While Leslie is quite direct and forthright with her, David puts all his might and patience into being considerate to and forgiving of Abby’s temper and frostiness. He understands he hasn’t been around and probably doesn’t feel has the right to assert himself on his daughter if she is reluctant to open up. He gives her the time and space, much to Leslie’s displeasure. Therefore, conversations among the three of them are only ever so poised on the anvil of breakdown. It is not just her dad that Abby finds herself at a remove from but also her friends. The void compels her to hunt for other, wilder experiences she may not have around them.
A recklessness takes over her, and she becomes increasingly disconnected from them. The loss ruptures the fabric of ordinariness for her, and she seeks stimulations that she thinks may help tide over the gnawing grief, which she cannot even share with anyone. This sends her hurtling down a path where she is drawn to stuff her group may balk her from participating in. It drives into motion in her a certain heedlessness for consequence, a wandering fearlessness propelled by the absence of an emotional anchor. Her friends gauge her restlessness, she bats them away. She starts to smoke, much to their concern and apprehension.
Seeing them reinstate a distance, she turns her yearning gaze elsewhere. Out with her friends at a café, she is struck by a girl, Caroline (Ryan Simkins), who comes swooshing in, utterly sure in her skin and whipping out an uproarious energy. Abby is instantly captivated by Caroline’s heady allure, which doesn’t interest her friends, possibly striking them as too risqué. She’s wholly swept away by her, allowing herself to be pulled into her orbit as she recedes from her familiar circle.
The screenplay penned by the directors themselves, Pablo Feldman and Sophia Sabella, deliberately keeps us in the dark as to Caroline’s backstory, except that she has a fraught relationship with her feuding parents. She is untethered from any restriction, pursuing whatever attracts her, which fascinates Abby, who is emboldened by her influence. Caroline’s rashness and her proclivity for leaping on an immediate impulse induce in Abby a means of unleashing her own pent-up emotional turbulence, which she doesn’t find any approximating echo in the mundane, risk-free dawdle of her old friends.
Her flirting with danger becomes an outlet of release, despite her unease. Abby keeps her emotions and desires concealed as she plunges into tasting the adventurous, boundless thrill of freedom that Caroline swivels her toward. The directors intently highlight the specific time in their lives Abby and her friends are in. It is the final year of middle school. Most of them find themselves obliged to stick by rules and be super watchful in fear of the price of transgression.
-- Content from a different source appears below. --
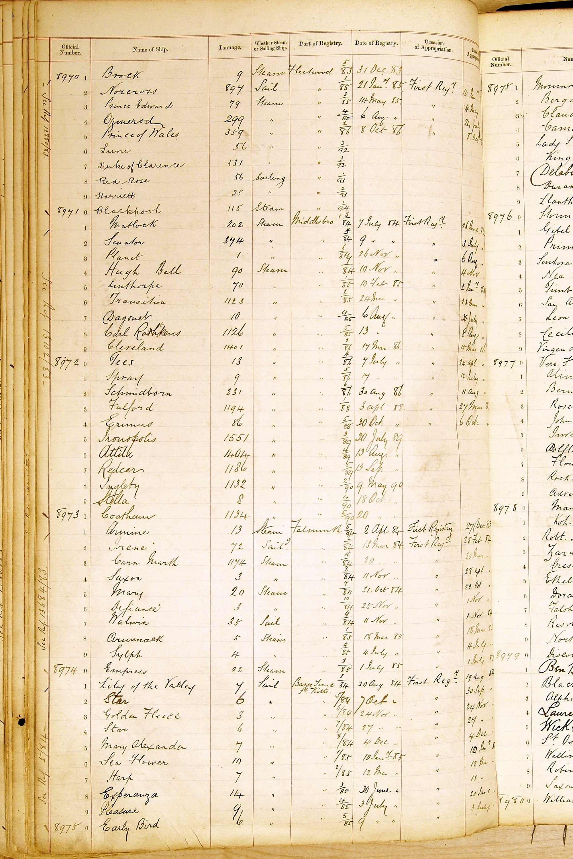 The ship names recorded are those that the ships carried at the time that their official numbers were allocated - changes are sometimes noted, but the best source for changes of name are the shipping registers for the port, or alternatively the Mercantile Navy List.

Caroline represents a form of independence that may thereby seem to them as excessive and unwarranted.
Perceptively, the film nods to that particular tug that kicks in being torn between testing or skirting the purportedly illicit. The girls have a sharp consciousness of what is advised against; Caroline exemplifies those to them. They are taken aback by Abby’s new inclinations. But they don’t vocalize their reproach so ardently lest they be held as too prudish. The film acutely taps the particularity of this, and it is to the credit of the writing not an iota of harsh judgment is ascribed to what may be called a string of bad decisions. It is simultaneous with developing a sense of what one needs to be wary of.
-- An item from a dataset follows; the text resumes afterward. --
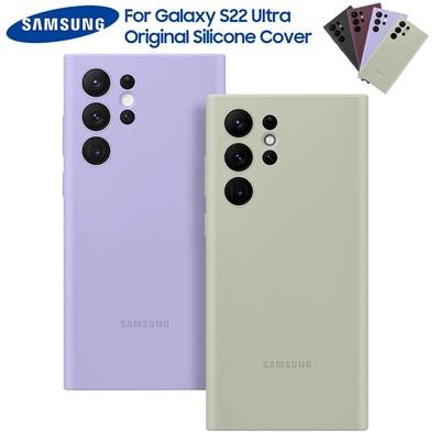 علبة السيليكون السائل الأصلي لـ Samsung Galaxy S22 Ultra 5G S22ULTRA SM-S908 حريري مع

Edited by Benjamin Shearn in a manner that mirrors the slapdash rush of Abby in inadvertently veering to disaster, “Edge of Everything” is steered by an incredibly intuitive Sierra McCormick. The actor is tightly attuned to every flicker of jangled nerves, nailing a perfect mix of uncertainty and pressing urges. Among the supporting cast, Emily Robinson registers the strongest. The biggest triumph of the film lies in its fierce, unflinching commitment to evoking unsure responses. The directors show confidence and intelligence in allowing the viewer to linger with that feeling to the very end, where some headway seems to have been made between the father and daughter but with any inauthentic absolution whittled away.